What you are asked to do: From the first line to the last, output the data exactly as it stands, minus its pictures.

Supplied material Block Start

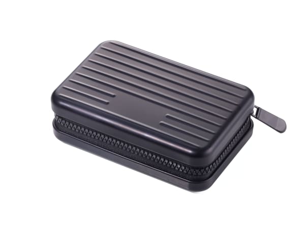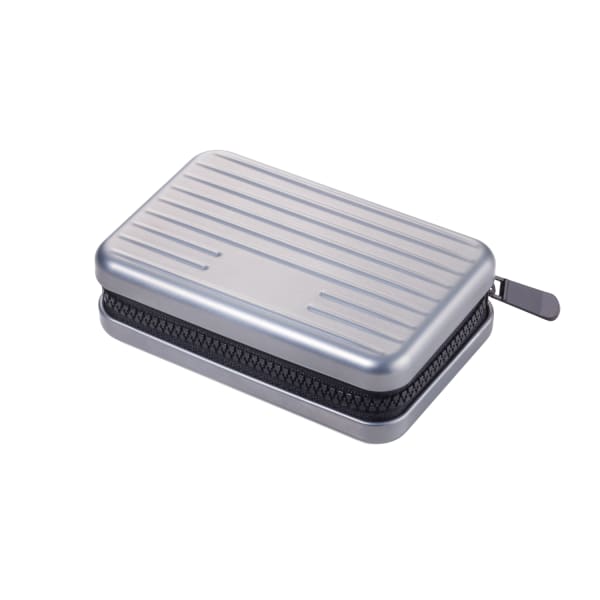 Nur 70 x 105 x 30 mm groß, aber im Design schon ganz erwachsen. Und mit Funktionen, die kaum ein großer Hartschalenkoffer vorzuweisen hat: neun Fächer mit Platz für bis zu 20 Karten, Kleingeld oder Belege, Ausleseschutz für RFID-Chips und dazu ein umlaufender Reißverschluss. Aus Aluminium und Polyester in mattem Schwarz, Blau und Rot sowie Titanfarben.
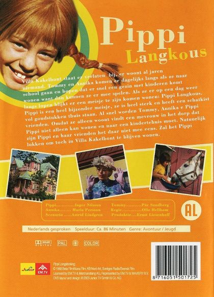 Roodharige Pippi Langkous neemt haar intrek in de leegstaande villa Kakelbont. Dat is dan mooi geregeld: met niemand wat te maken en alle tijd om haar nieuwe vriendjes Tommy en Annika die om de hoek wonen, uitgebreid over vader Langkous te vertellen. Die is namelijk zeekapitein en ook nog koning van Taka-Tukaland. Het blijft natuurlijk oppassen voor mevrouw Prysselius, directeur van het Kinderbureau, die Pippi een keurige opvoeding wil geven. Maar echt gevaarlijk zijn die twee dieven die het op Pippi's goud gemunt hebben.
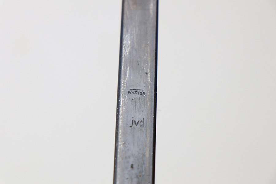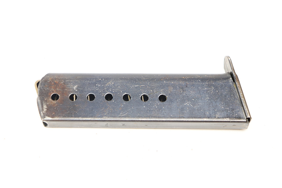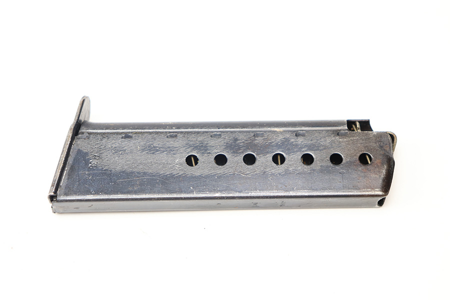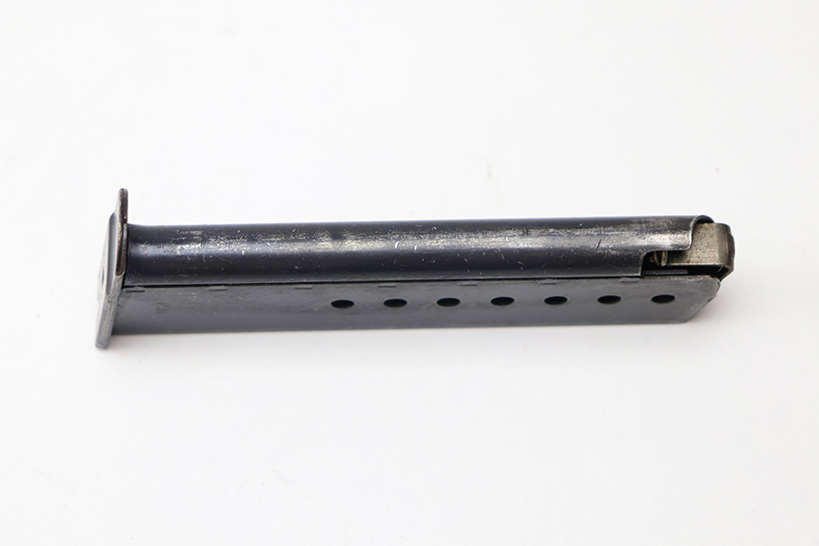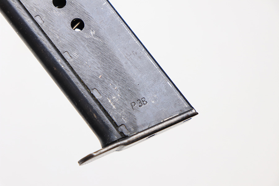 1/13/22 – This is an original WW2 production P.38 magazine. The magazine is “jvd” maker stamped on the spine and waffen proofed with a WaA706 eagle stamp. The left side of the frame is P.38 stamped. There is some mild finish loss but no rust or pitting. Strong, fully functional spring.

Supplied material Block End

Answer box:
 Nur 70 x 105 x 30 mm groß, aber im Design schon ganz erwachsen. Und mit Funktionen, die kaum ein großer Hartschalenkoffer vorzuweisen hat: neun Fächer mit Platz für bis zu 20 Karten, Kleingeld oder Belege, Ausleseschutz für RFID-Chips und dazu ein umlaufender Reißverschluss. Aus Aluminium und Polyester in mattem Schwarz, Blau und Rot sowie Titanfarben.
 Roodharige Pippi Langkous neemt haar intrek in de leegstaande villa Kakelbont. Dat is dan mooi geregeld: met niemand wat te maken en alle tijd om haar nieuwe vriendjes Tommy en Annika die om de hoek wonen, uitgebreid over vader Langkous te vertellen. Die is namelijk zeekapitein en ook nog koning van Taka-Tukaland. Het blijft natuurlijk oppassen voor mevrouw Prysselius, directeur van het Kinderbureau, die Pippi een keurige opvoeding wil geven. Maar echt gevaarlijk zijn die twee dieven die het op Pippi's goud gemunt hebben.
 1/13/22 – This is an original WW2 production P.38 magazine. The magazine is “jvd” maker stamped on the spine and waffen proofed with a WaA706 eagle stamp. The left side of the frame is P.38 stamped. There is some mild finish loss but no rust or pitting. Strong, fully functional spring.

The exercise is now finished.